John Nersesian, a managing director at Nuveen Investments Inc. who consults with financial advisers on wealth management and practice development, says clients' No. 1 complaint is that advisers see them only in terms of their finances. He recommends that they engage clients in a well-conceived "discovery process" -- a series of questions meant to elicit emotional responses -- rather than simply looking at them in terms of assets.

Peter L. Chamberlain is one adviser using a psychographic approach in his practice. As president of B.R. Chamberlain & Sons Inc., an Orlando, Fla., advisory firm with $250 million under management, Dr. Chamberlain has discovered he works best with the "family steward" type -- a person whose prime concern is family well being and a smooth transfer of wealth from one generation to the next. He presents investment results in terms of progress in meeting goals like college funding, rather than focusing strictly on dry percentage returns.

Ms. Abram of CEG Worldwide, which provides coaching to advisers targeting the high-net-worth market, said this approach to segmentation affects client service and marketing in "subtle but important" ways, and can influence everything from the content of an advisory firm's Web site to the wording of thank-you letters.

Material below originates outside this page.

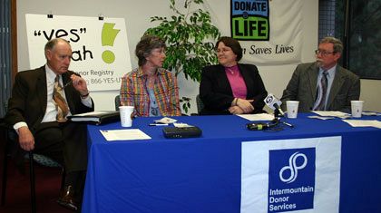 SALT LAKE CITY — "There are so many myths and misconceptions surrounding organ and tissue donations that we have named April ‘National Donate Life Month,’" said Alex McDonald, public education director for Intermountain Donor Services (IDS). "Many people are concerned because they mistakenly believe organ donation violates their religious beliefs," said McDonald. "We encourage people to talk to their religious leaders about donation." IDS sponsored a media event at their office April 17, in which four religious leaders explained their particular religious views and addressed those misconceptions. "The Catholic church views organ donation in a favorable light," said Deacon Scott Dodge of the Cathedral of the Madeleine, who serves as a chaplain at LDS Hospital. "According to the Catechism of the Catholic Church, ‘Organ donation is a noble and meritorious act and is to be encouraged as an expression of generous solidarity’ (2296). "Through organ donation, we foster life," said Dodge. "For it to be morally acceptable, the organ donor must personally give explicit consent by signing up as a donor. Individuals are encouraged to express their consent to family members before their death, because in the end the family of the deceased must also consent to organ and tissue donations." Addressing participants in the First International Congress of The Society for Organ Sharing, June 20, 1991, Pope John Paul II commented, "In effect, transplantation presupposes a prior, explicit, free and conscious decision on the part of the donor or of someone who legitimately represents the donor. In this sense, the medical action of transplantation makes possible the donor’s act of self-giving, that sincere gift of self which expresses our constitutive calling to love and communion." Scott Parker, who represents the LDS Church on the Salt Lake Interfaith Roundtable, said the decision is a personal one made by the individual or the deceased member’s family. Elaine Emmi, chairwoman of the Salt Lake Interfaith Roundtable said organ donation is something we should consider so when a death occurs, we will be ready to act. "As a Quaker, we do not have set doctrine, we leave the decision up to the individual," said Emmi. "I have a medical condition, so I am certain no one would want my organs, but I plan to donate my body to science for research through the University of Utah." "In Jewish tradition, there is great sanctity placed on the care of the body after someone is deceased," said Rabbi Tracee Rosen of Congregation Kol Ami. "We do not believe in cremation or open casket viewing, we believe in a process of ritual cleansing of the body, and it is something sacred that all parts should be buried. "So from that long-standing tradition, a lot of people have the misconception that Judaism would see organ donation as some kind of mutilation of the deceased," said Rosen. "Jewish tradition is clear across all the major denominations that the opportunity to use tissues or organs in order to save somebody’s life or enhance their quality of life is, in fact, encouraged. Organ donation does not affect proper burial of the rest of the body." Russell Baker, pastor of the United Church of Christ in Bountiful, said his denomination strongly encourages donation, but the decision is left up to each individual. "I have indicated on my driver’s licence that I want to be a donor," said Baker. "It is very clear to my family I want to continue an act of grace even in my death, and I can do that through organ donation." According to IDS, 20 people die each day waiting for a life-saving organ transplant, amounting to 8,000 unnecessary deaths each year. More than 80,000 people are waiting for a life-saving transplant, and one donor can save up to nine lives through organ donation, and enhance the lives of 50 people through tissue donation.

For instance, a type of client sometimes called the "financial phobic" is confused and frightened by dense numerical detail and is best served with brief, nontechnical financial reports and conversation from the adviser. The "gambler" client, on the other hand, wants lots of information and likes hearing about innovative investment products, like new flavors of exchange-traded funds.

"As more advisers adopt a wealth-management business model, this needs to be part of that," says Ms. Abram. "The wealth manager is required to be a specialist and to have a much more finely honed value proposition."

Some advisers are using this approach for prospecting. One adviser, recognizing that he works best with high-living thrillionaires, joined an exclusive, upscale cigar bar where he now gets most of his new business.

Dr. Chamberlain says that psychographics not only help him serve clients better but also led him to shed about 10% of his business after he realized some of his clients fell into categories -- like "gamblers" -- that weren't compatible with his practice.

Thomas Rabaut, president of Fidelity Group, an independent firm in Troy, Mich., has gone even further. He recently decided to shed nearly half of his firm's 300 clients as part of a broad shift to a wealth-management model and is ditching clients whose "high-net-worth personalities" don't fit the kind of practice he wants to have. Other considerations include whether clients fit the demographic niches he is now targeting (such as affluent college professors and auto-industry executives), their effectiveness as a referral source and their degree of wealth.

Mr. Rabaut says his average client now has more than $1 million in assets under management, compared with $162,000 when he started moving toward wealth management about a year ago.